§ TO DO
Please restate each line of the material word for word and omit any pictures.

§ DATA
- - - - - - -

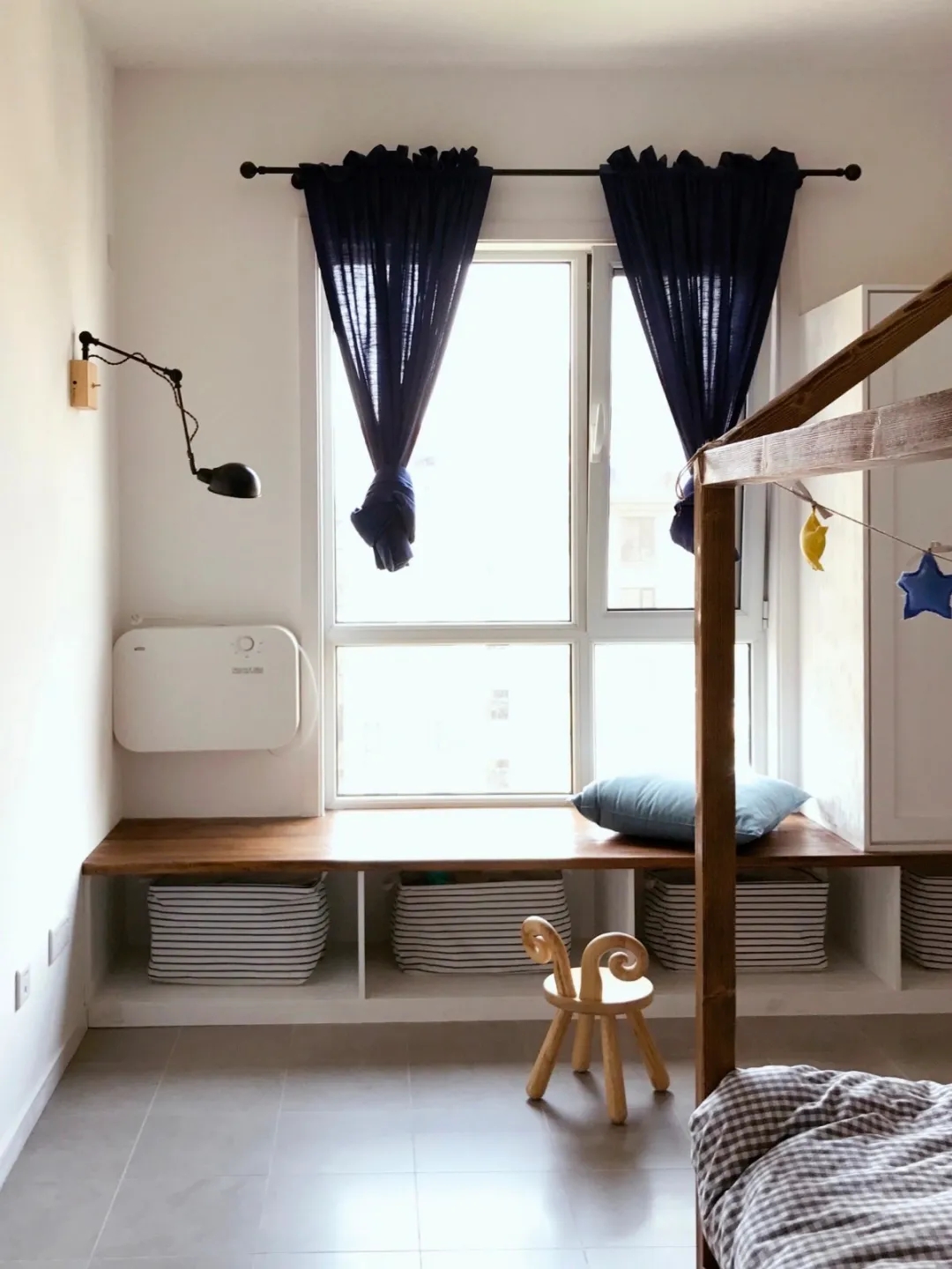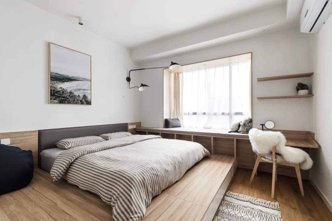 ▲飘窗上加一层抽屉,加高了飘窗后,还能把飘窗设计成梳妆台或者书桌,让小卧室也更加实用情趣。
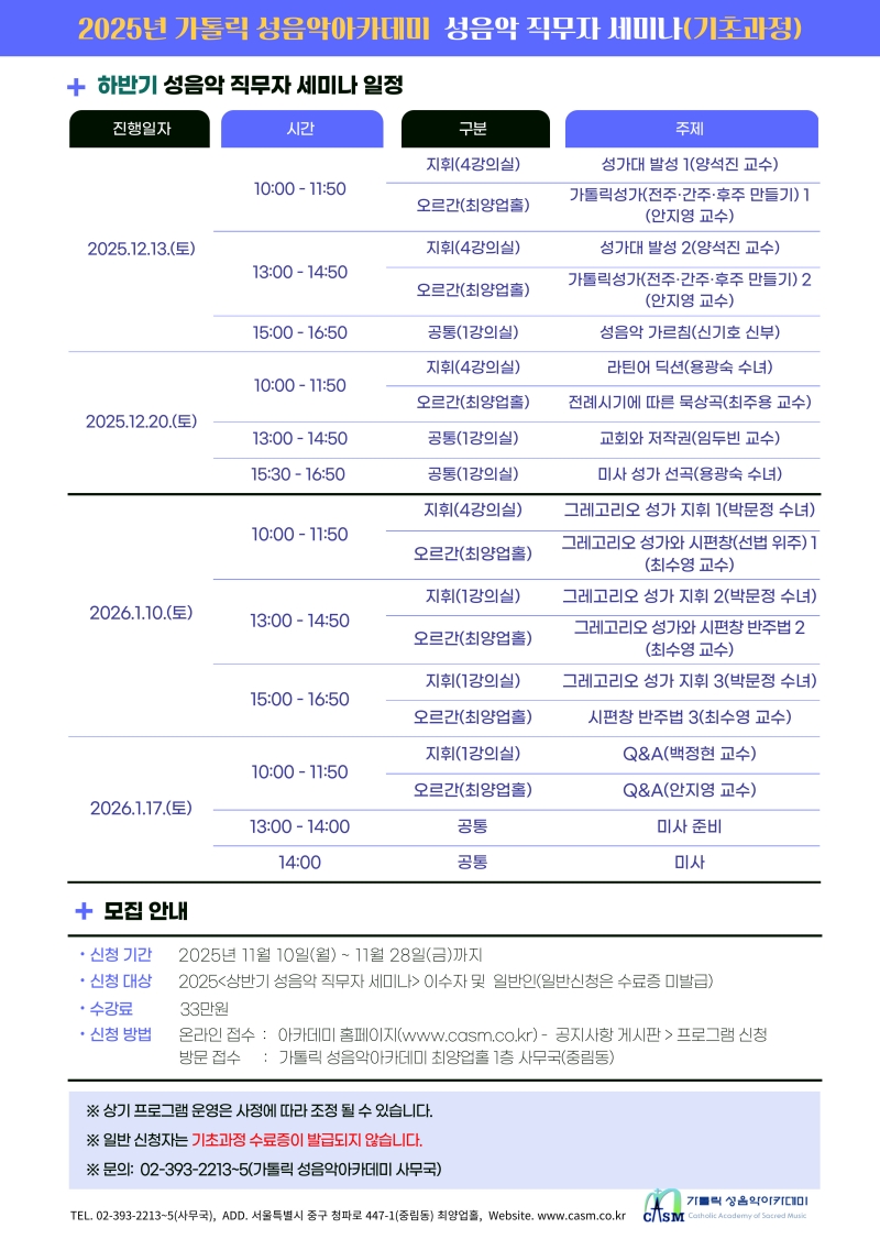 [가톨릭 성음악아카데미] 2025 하반기 성음악 직무자 세미나 신청 안내(기초과정)
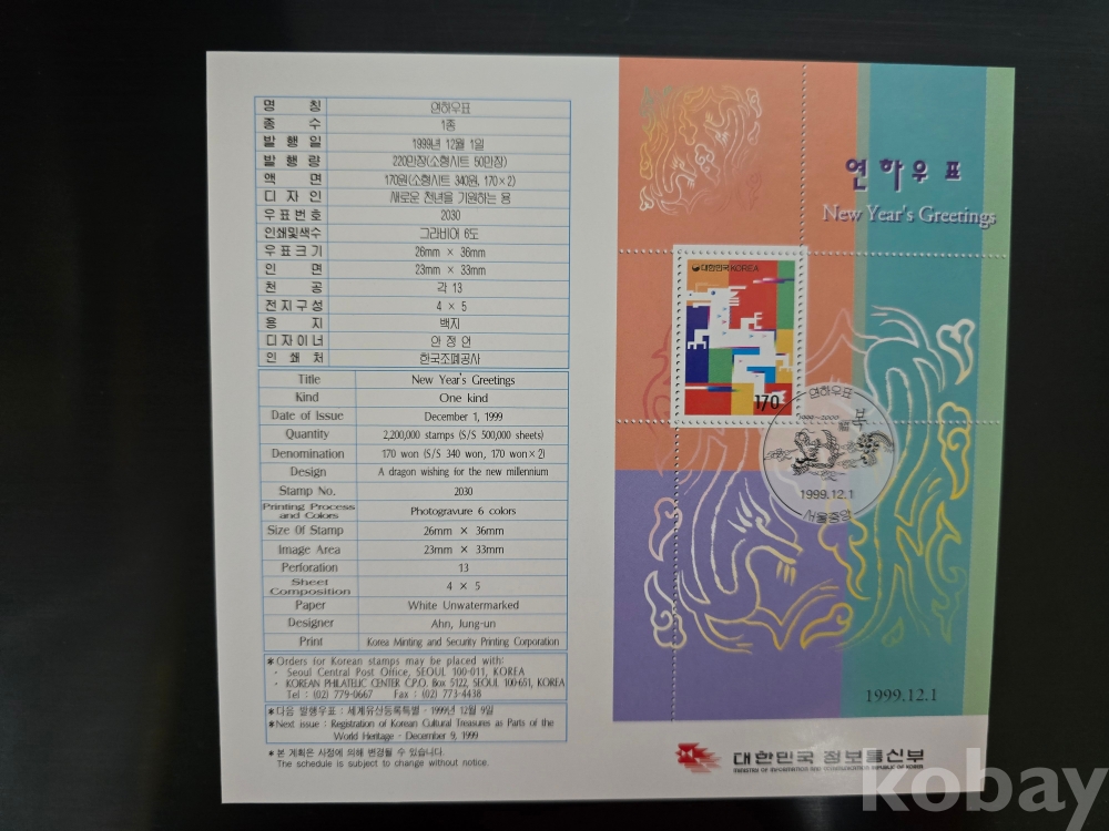 우표안내카드/99'12.1 연하

- - - - - - -

§ EXERCISE RESPONSE
 ▲飘窗上加一层抽屉,加高了飘窗后,还能把飘窗设计成梳妆台或者书桌,让小卧室也更加实用情趣。
 [가톨릭 성음악아카데미] 2025 하반기 성음악 직무자 세미나 신청 안내(기초과정)
 우표안내카드/99'12.1 연하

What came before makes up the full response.